··· Extracted material

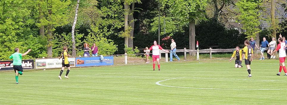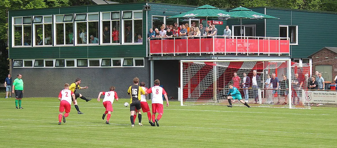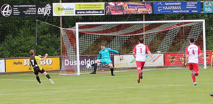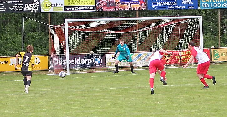 Harfsen komt er niet aan de pas, ze zoeken continu de vleugels met cros passes maar de tweede bal is telkens voor Gorssel die daarmee het overwicht behoudt. Toch komt Harfsen op gelijke hoogte door de individuele kwaliteit van Sven. Hij houdt op de achterlijn de verdediger van zich af, omspeelt hem knap en gaat richting 5 meter waar hij vol uithaalt. Drie man en de keeper proberen te blokken maar de bal vliegt in het dak en het is weer 1-1.
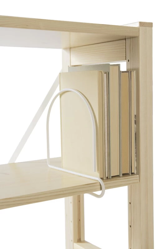 Die Buchstütze Wire von Lundia ist eine schlichte, minimalistische Lösung für die Organisation Ihres Bücherregals. Die Buchstütze ist aus dickem Metalldraht gefertigt, der zu einer geometrischen Form gebogen wurde. Sie können die Buchstütze mit allen Regalböden mit einer Stärke von 15–25 mm verwenden, wie z. B. den Classic-Regalen von Lundia. Die Buchstütze wird am Regal befestigt, indem sie einfach auf den Rand des Regalbodens geschoben wird.
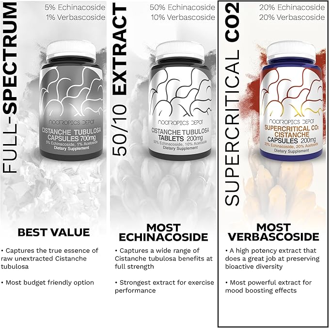 Nootropics Depot Cistanche Supercritical CO2 Extract Capsules | 20% Echinacoside + 20% Verbascoside (Acetoside) | 120 Count
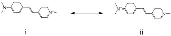 Styryl-pyridinium is one of the most efficient electron delocalized conjugated skeletons. So far most of the reported NLO molecules include this fragment. The carbon and nitrogen atoms on the pyridine ring of styryl-pyridinium are in sp2 hybrid orbitals, each atom on the ring forms a conjugated system with one π orbital without a lone pair of electrons on the nitrogen atom. Therefore, the formation of stilbazolium does not destroy the cyclic conjugated system. Marder [48] pointed out that the NLO molecule charge transfer mechanism was considered to be achieved by resonance of two limiting forms, ground state and excited state. Second-order molecular polarizabilities tend to be larger as the energies of these two limiting forms are close to each other; such as dimethylamino-styrylpyridinium (Figure 12). The molecules lost aromaticities from conjugated form (i) to conjugate form (ii). However, as first approximation (ignoring the interaction of the corresponding anion), intramolecular charge-transfer is not just as isolated or as neutral molecules. The energy of the two kinds of styryl-pyridinium conjugate forms is close compared with the neutral molecule, which could improve hyperpolarizability β values.
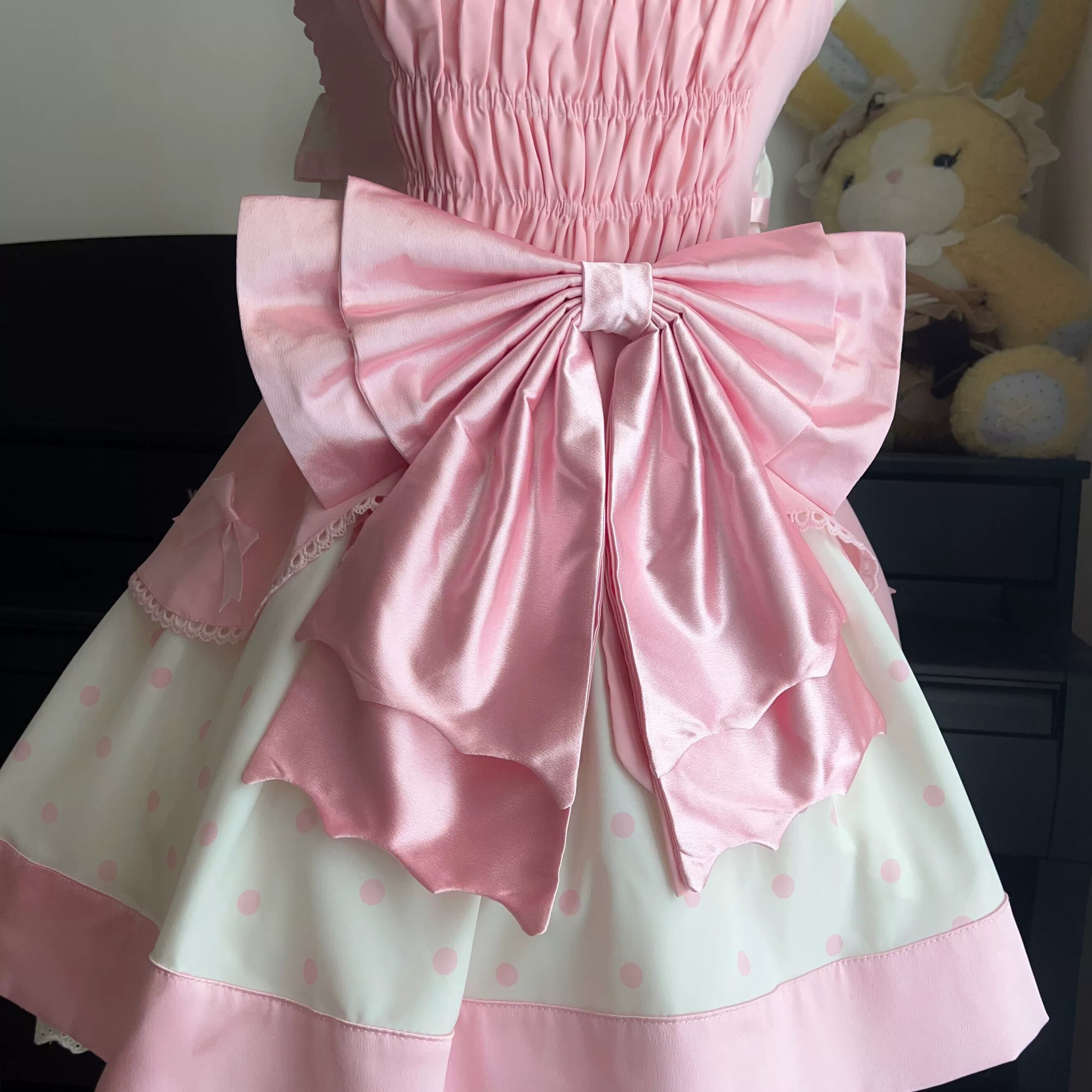 バックリボンはコーデに慣れてから…と思いがちですが、このリボンはシンプルな構造なので、ウエストに付けるだけで背面のシルエットがきれいにまとまります。写真や撮影の多い場面では特に、後ろからの見え方が全体の完成度に直結するのでおすすめです。

······

→ Brief:
A verbatim rendering of the listing above is required, without any of its pictures.

→ Response:
 Harfsen komt er niet aan de pas, ze zoeken continu de vleugels met cros passes maar de tweede bal is telkens voor Gorssel die daarmee het overwicht behoudt. Toch komt Harfsen op gelijke hoogte door de individuele kwaliteit van Sven. Hij houdt op de achterlijn de verdediger van zich af, omspeelt hem knap en gaat richting 5 meter waar hij vol uithaalt. Drie man en de keeper proberen te blokken maar de bal vliegt in het dak en het is weer 1-1.
 Die Buchstütze Wire von Lundia ist eine schlichte, minimalistische Lösung für die Organisation Ihres Bücherregals. Die Buchstütze ist aus dickem Metalldraht gefertigt, der zu einer geometrischen Form gebogen wurde. Sie können die Buchstütze mit allen Regalböden mit einer Stärke von 15–25 mm verwenden, wie z. B. den Classic-Regalen von Lundia. Die Buchstütze wird am Regal befestigt, indem sie einfach auf den Rand des Regalbodens geschoben wird.
 Nootropics Depot Cistanche Supercritical CO2 Extract Capsules | 20% Echinacoside + 20% Verbascoside (Acetoside) | 120 Count
 Styryl-pyridinium is one of the most efficient electron delocalized conjugated skeletons. So far most of the reported NLO molecules include this fragment. The carbon and nitrogen atoms on the pyridine ring of styryl-pyridinium are in sp2 hybrid orbitals, each atom on the ring forms a conjugated system with one π orbital without a lone pair of electrons on the nitrogen atom. Therefore, the formation of stilbazolium does not destroy the cyclic conjugated system. Marder [48] pointed out that the NLO molecule charge transfer mechanism was considered to be achieved by resonance of two limiting forms, ground state and excited state. Second-order molecular polarizabilities tend to be larger as the energies of these two limiting forms are close to each other; such as dimethylamino-styrylpyridinium (Figure 12). The molecules lost aromaticities from conjugated form (i) to conjugate form (ii). However, as first approximation (ignoring the interaction of the corresponding anion), intramolecular charge-transfer is not just as isolated or as neutral molecules. The energy of the two kinds of styryl-pyridinium conjugate forms is close compared with the neutral molecule, which could improve hyperpolarizability β values.
 バックリボンはコーデに慣れてから…と思いがちですが、このリボンはシンプルな構造なので、ウエストに付けるだけで背面のシルエットがきれいにまとまります。写真や撮影の多い場面では特に、後ろからの見え方が全体の完成度に直結するのでおすすめです。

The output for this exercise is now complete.